Although this may be true, Wheaton has not presented evidence contradicting the testimony of Nicke and Miller that he owned Caribe Bahamas and of Ciancarelli that he actively operated the company, or their testimony that he possessed Caribe Bahamas' documents. Ciancarelli did testify that Gottschalk informed him that he had an ownership interest in Caribe Bahamas but this testimony does not refute the testimony that Wheaton was also an owner and operator of Caribe Bahamas.
Daniel Replogle, Treasurer of Wheaton Industries since 1980 and an employee for 15 years, testified on behalf of Wheaton. He stated that a November 1, 1982 Wheaton Industries check in the amount of $181,000.00 payable to the order of Heritage Bank was deposited in Wheaton's account and then this amount was transferred electronically to Michael and Julia Rich's account in their Florida bank. See Defendant's Exhibit D-4 and D-5. Thereafter, Michael Rich endorsed a April 12, 1983 check in the amount of $181,000.00 made payable to him over to Wheaton. See Defendant's Exhibit D-6. According to Replogle, the $181,000.00 originated from a company named Dorchester Shipyards ("Dorchester") in which Wheaton was a majority shareholder. The money was given to Wheaton Industries by Dorchester to invest with other money in a lump sum and eventually ended up back with Dorchester on May 5, 1983 when Wheaton endorsed the April 12, 1983 check over to Dorchester. See Defendant's Exhibit D-7.
Even though Nicke testified that Wheaton purchased H.M. Rich & Sons for the same amount of $181,000.00, Replogle never directly refuted the testimony by Nicke, Miller and Ciancarelli that Wheaton owned and/or actively operated Caribe Bahamas or their testimony that he possessed documents regarding Caribe Bahamas. Replogle did not even know why the $181,000.00 was transferred to Michael and Julia Rich from Wheaton and then later returned to Wheaton. The court concludes that Wheaton has not satisfied his heavy burden demonstrating that he does not possess or control the Caribe Bahamas' documents that the petitioners seek.
c ) ═ Commonwealth Chemical
Nicke testified that Wheaton purchased H.M. Rich & Sons and changed the name to Caribe Bahamas. Miller also testified that Wheaton informed him that he owned Caribe Bahamas. Wheaton submitted an affidavit by Raymond Rogers that stated that one-half of Commonwealth Chemical's shares were owned by Caribe Bahamas. Ciancarelli testified that, in 1986, he and employees of Caribe Bahamas removed equipment from Commonwealth Chemical's plant because the business was no longer operating.
Moreover, Miller stated that Wheaton informed him that he was half owner of Commonwealth Chemical.
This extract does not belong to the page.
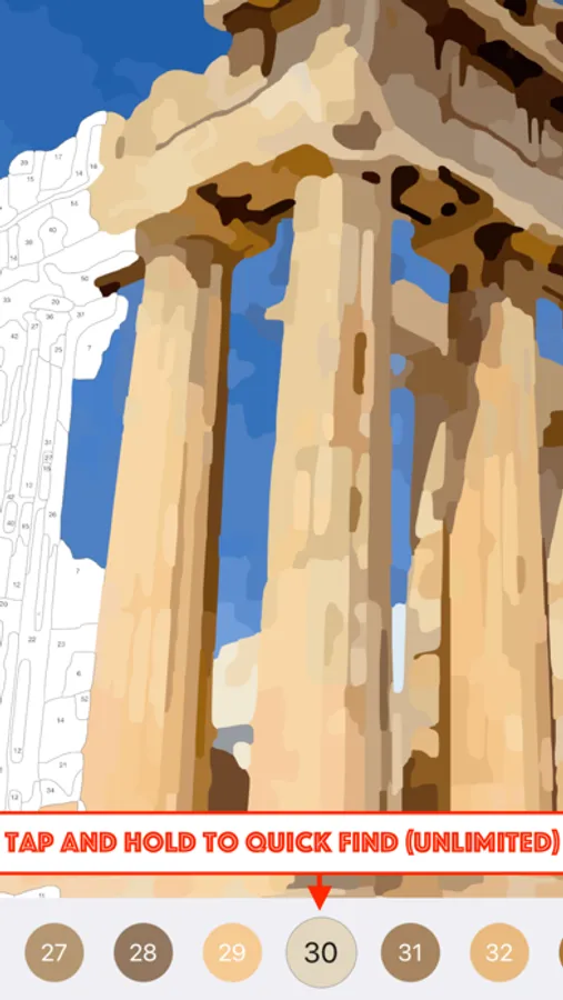 • Quick Find ( unlimited for free version): finds an uncolored shape for the current color.

In addition, Nicke testified that Wheaton maintained a Commonwealth Chemical file as part of his Caribe Bahamas file in Millville, NJ.
Wheaton presented no evidence refuting these assertions. The court will also require Wheaton to comply with petitioners summons relating to Commonwealth Chemical.
III. ═ CONCLUSION
For the foregoing reasons, the court orders Wheaton to comply with all three of the IRS summonses.